Der Schritt in den UGV-Markt erfolgt vor dem Hintergrund eines breiten Trends hin zu autonomen und unbemannten Systemen. Weltweit investieren Streitkräfte verstärkt in autonome Aufklärungsplattformen, unbemannte Logistikfahrzeuge, ferngesteuerte Schutzsysteme und maritime Robotik, um Risiken für Soldaten zu verringern und gleichzeitig die operative Leistungsfähigkeit zu erhöhen. Ein jüngstes Beispiel für die wachsende Bedeutung solcher Technologien ist eine US-Rettungsaktion in der Straße von Hormus, bei der unbemannte Überwasserfahrzeuge zum Einsatz kamen und damit die Relevanz autonomer Fahrzeugplattformen unterstrichen haben.

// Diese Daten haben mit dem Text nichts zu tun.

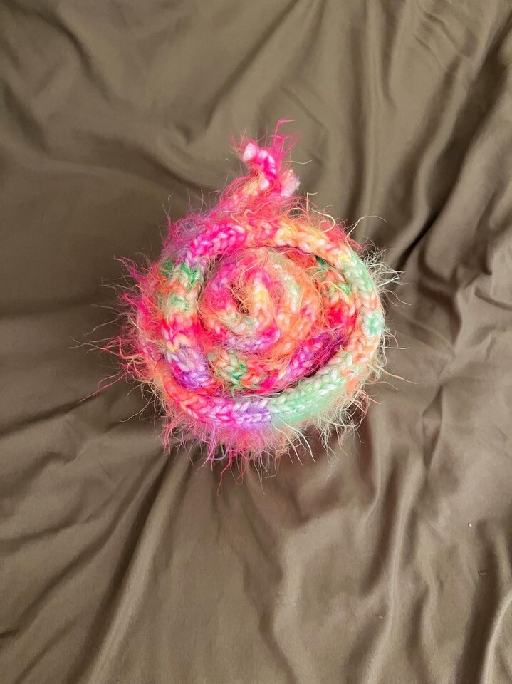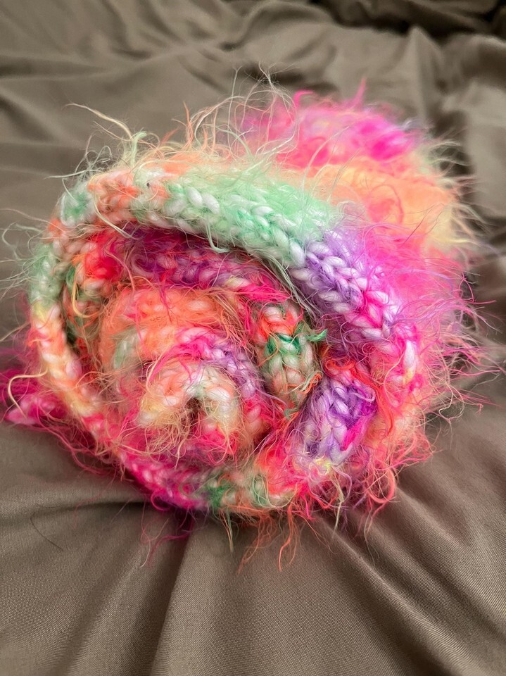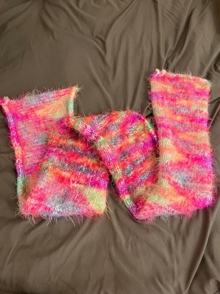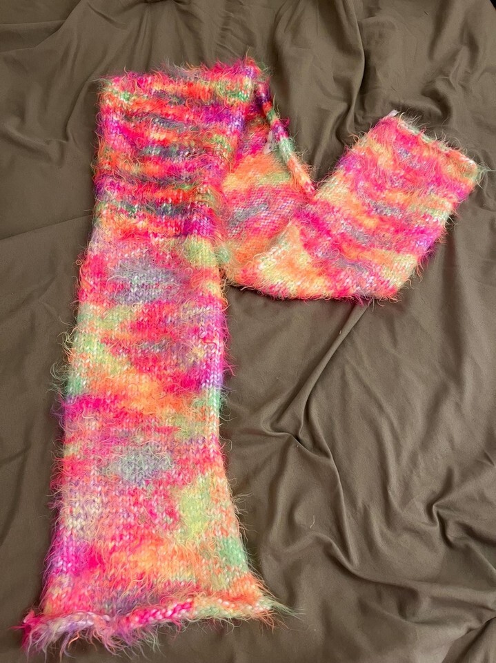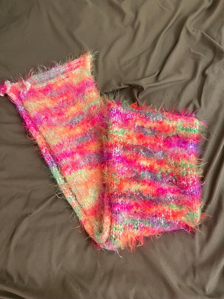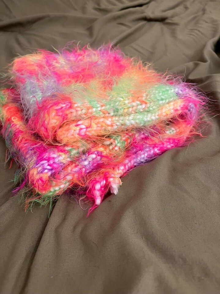 - Fuzzy Handknit Rainbow Mottled Scarf

Branchenanalysen veranschlagen das Volumen des globalen Marktes für unbemannte Systeme bis zum Jahr 2033 auf mehr als 67 Milliarden US-Dollar. Steyr Motors sieht sich als Technologiezulieferer gut positioniert, um von dieser Entwicklung zu profitieren. Das Unternehmen betont, dass das Wachstumspotenzial aus autonomen Defense-Lösungen im aktuellen Auftragsbestand erst in Ansätzen abgebildet ist. Der Einstieg in das CORNUS-Programm gilt vor diesem Hintergrund als weiterer Baustein, um die Präsenz im Zukunftsmarkt unbemannter Systeme deutlich auszubauen.